Командарм любил историю, много читал, но в коллизиях Ренессанса северного Возрождения путался. Он был уверен, что дефекты в регулировании цивилизации пошли с Возрождения, крестьянские бунты считал производным от вольности городов. Религию командарм тоже обвинял.

- Все это от Лютера идет, все зло от попов, если вдуматься.

- Лютер, кстати, ненавидел Мюнцера, - сказал командарму Григорий Дешков. Он тоже много и беспорядочно читал, военные тех лет пополняли образование как могли и где придется.

- Спать пора, - сказал Тухачевский, - утром мы этих мюнцеров потрогаем.

Григорий Дешков успел до боя прочесть листовку, положенную кем-то на стол в горнице, - он даже догадывался, кем именно: хозяйкин сын был мал, чтобы воевать, но смотрел на красноармейцев злым глазом.

- Это откуда? - спросил мальчика Дешков, разглаживая на колене листок со словами: «Братья красноармейцы! С кем воюете вы! Опомнитесь! Это не банда, а восстание крестьян! Вместе сбросим эту муку и устроим по-хорошему жизнь свою! Коммунисты-жиды нас стравили!» - Это ты принес? - спросил Григорий Дешков. Парнишка молчал. - Больше так не делай, - сказал ему Дешков, - тебя расстреляют.

Он порвал листовку и лег на лавку, положив кулак под голову и свесив с лавки больную ногу. - У вас тут, погляжу, и типография есть, и армия есть... полки, командиры... Иди спрячься, завтра плохой день.

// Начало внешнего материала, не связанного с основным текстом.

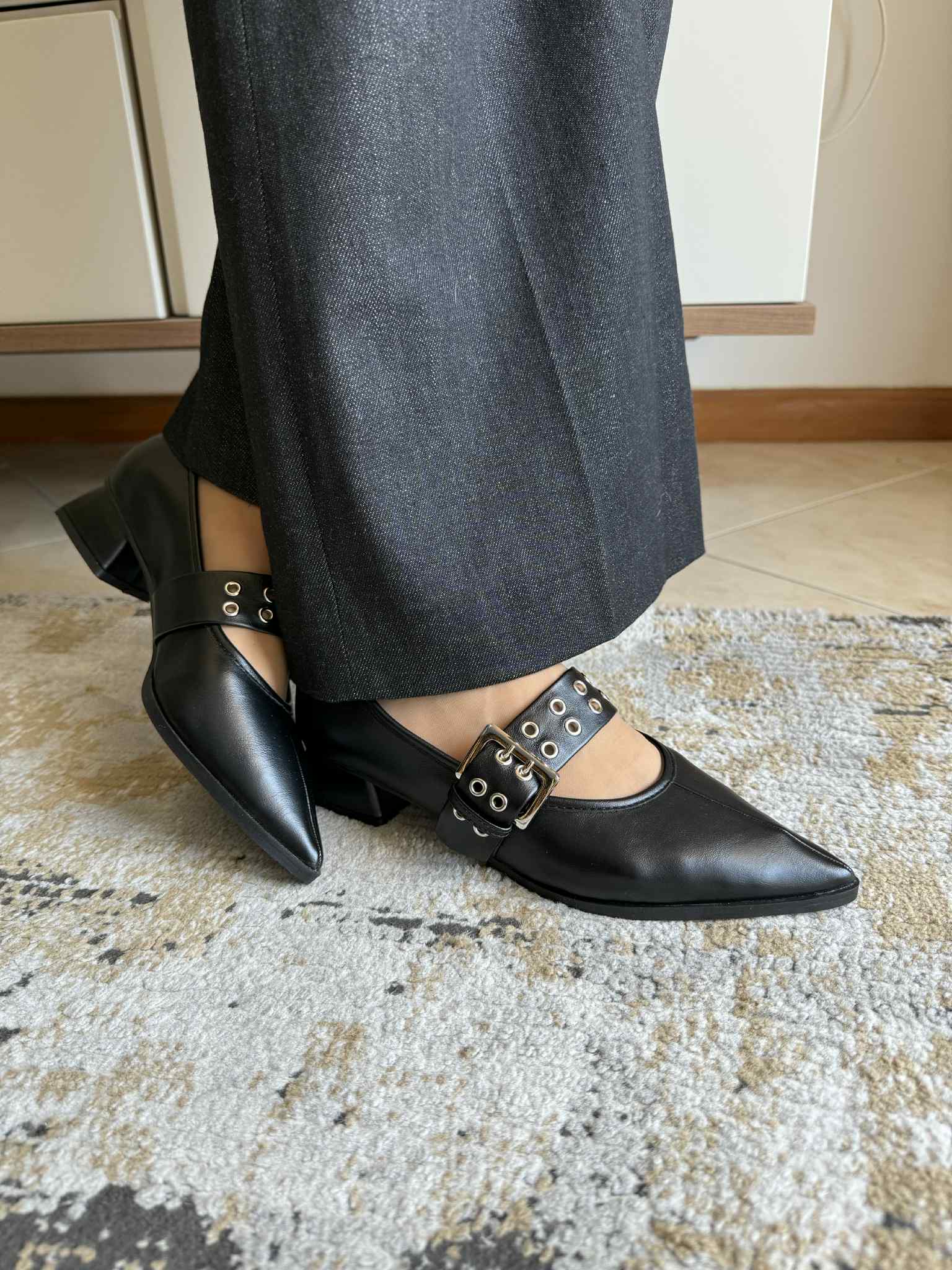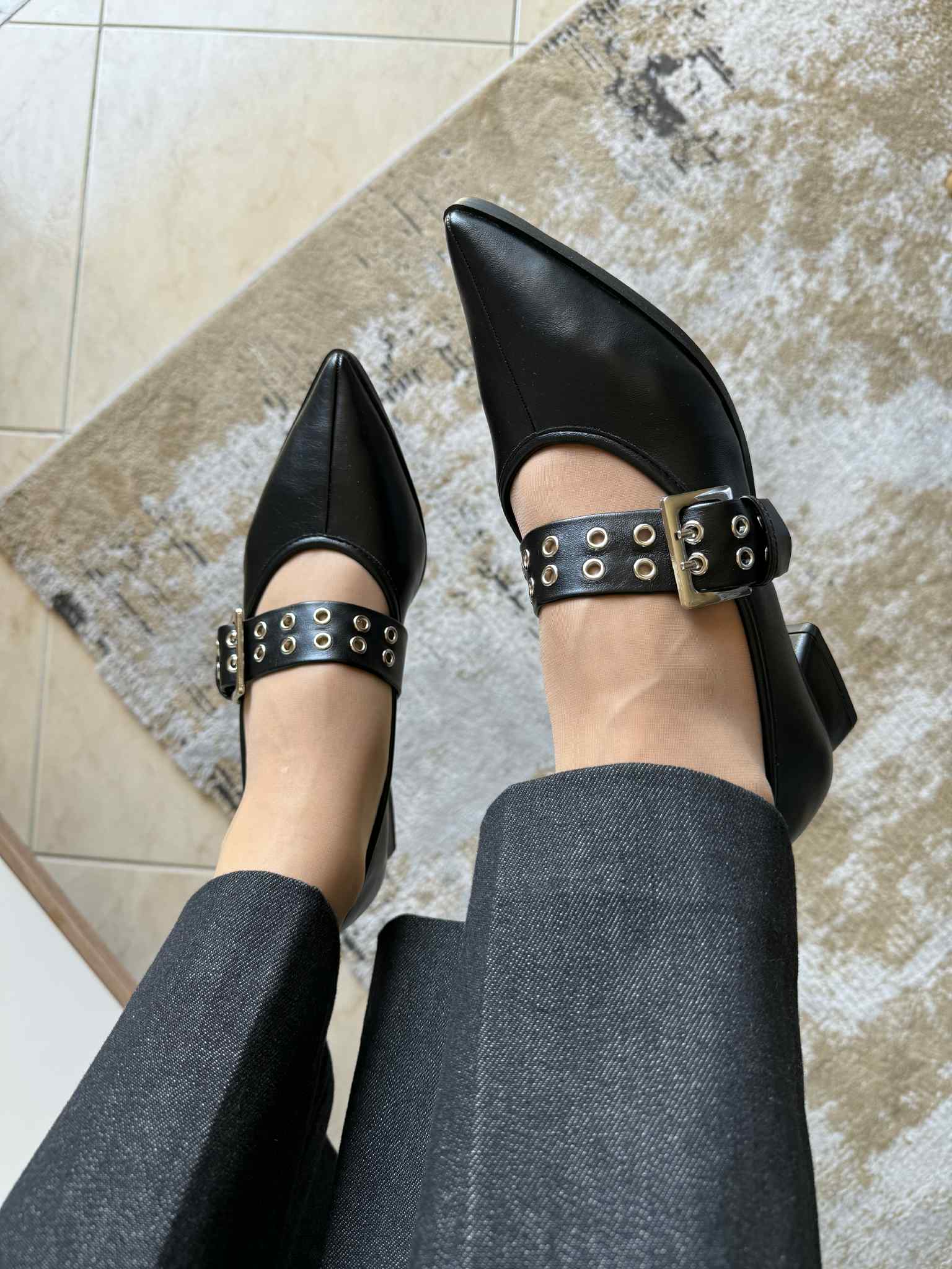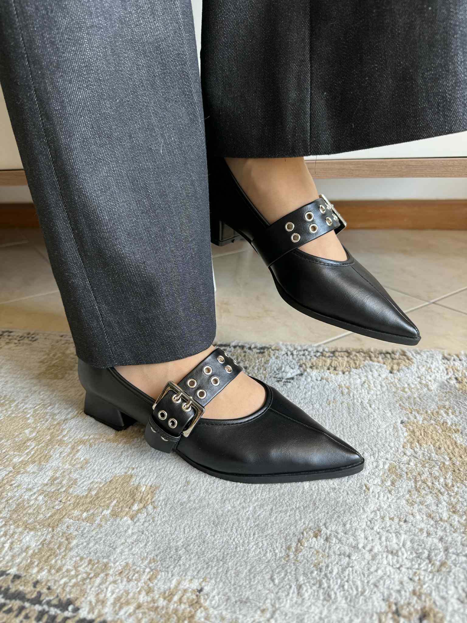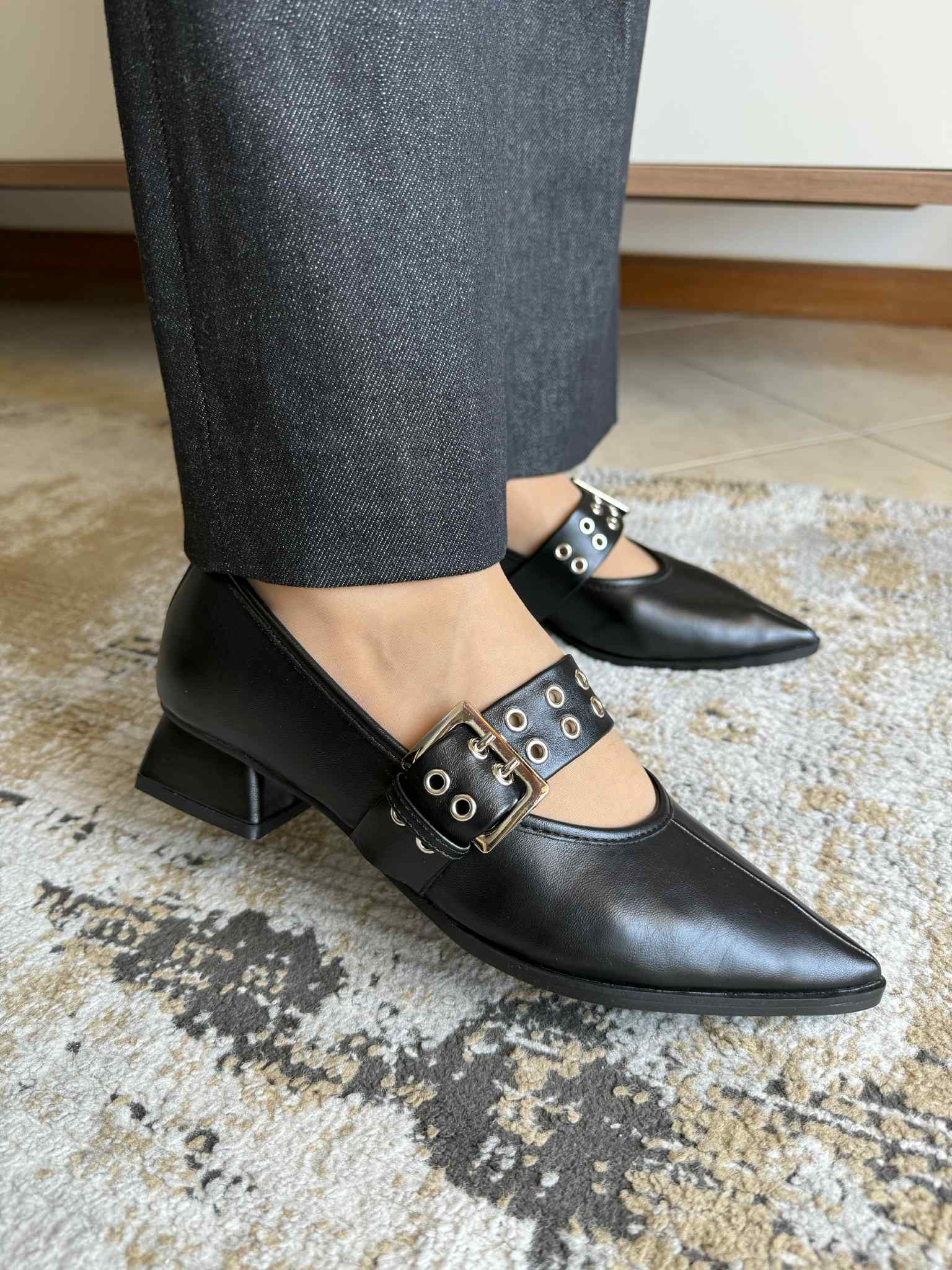 Sapato da marca Corina. Exterior em pele sintética maleável. Interior em têxtil macio. Com detalhe de tira e fivela no peito do pé. Salto largo com 3cm de altura.

Спать оставалось три часа; наутро командарм Тухачевский врубился во 2-ю партизанскую амию Тамбовского края и погнал в лес 4-й и 14-й полки, а полк, поименованный Пахотно-Угловским, истребил начисто. Конники Тухачевского рассекли антоновский фронт, а с фланга по крестьянам стреляли пушки бронепоезда: командарм пришел подготовленный.

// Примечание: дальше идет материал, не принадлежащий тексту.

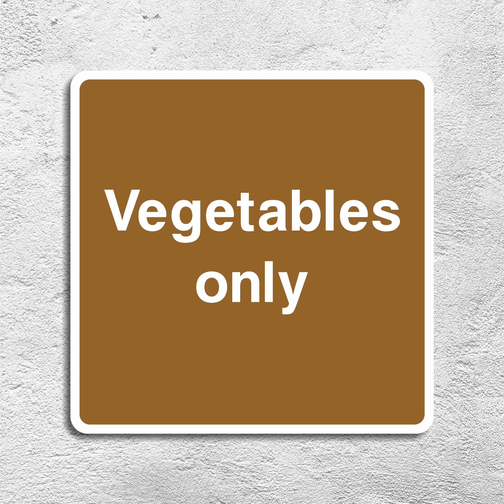 Vegetables Only Signs are signs used in food preparation and handling areas, such as kitchens and restaurants, to designate specific areas or equipment that are intended solely for the handling, storage, or preparation of vegetables. These signs help ensure that vegetables are separated from other types of food, particularly raw meats, to maintain food safety and prevent cross-contamination. All our safety signs are compliant with BS EN ISO 7010 where applicable.

Два месяца Григорий Дешков провел в Тамбовских лесах, гоняясь за мужиками. Восстание расползалось, как лесной пожар - и образ лесного пожара был тем нагляднее, что Васька Карась, приближенный к Антонову лихой человек, придумал распарывать большевикам животы и набивать соломой - а солому поджигать. И безумные горящие факелы метались по лесу, и горел подлесок, и страшной правдой обернулся большевистский лозунг «Из искры возгорится пламя». Горели крестьянские избы: согласно приказу командарма деревни жгли. За приказом № 130 командарм издал приказ № 171, еще того хлеще: человека, не назвавшего свое имя, расстреливать на месте без суда; семьи, укрывающие имущество бандитов, расстреливать на месте без суда; дома сжигать и разбирать. Крестьяне Тамбовской губернии не располагали специальным имуществом, каковое можно было бы хранить в потайном месте, а все их достояние сводилось к одежде и хозяйственной утвари - и приказ № 171 толковали произвольно. Расстрелов было много, даже в Москве испугались, взволнованный Рыков написал Троцкому, что это уже слишком, не перегнуть бы палку. Но деревни вытаптывали и дома сжигали, мужики уходили в леса, где артиллерия пройти не могла, а коннице было трудно проехать. Однако входили и в леса. В лесу подле села Туголуково (сожженного дотла) Дешков столкнулся с бывшим кавалеристом Валуевым, который накинул ему ремень на шею и стал душить, но Дешков изловчился и пырнул его саблей под ребро.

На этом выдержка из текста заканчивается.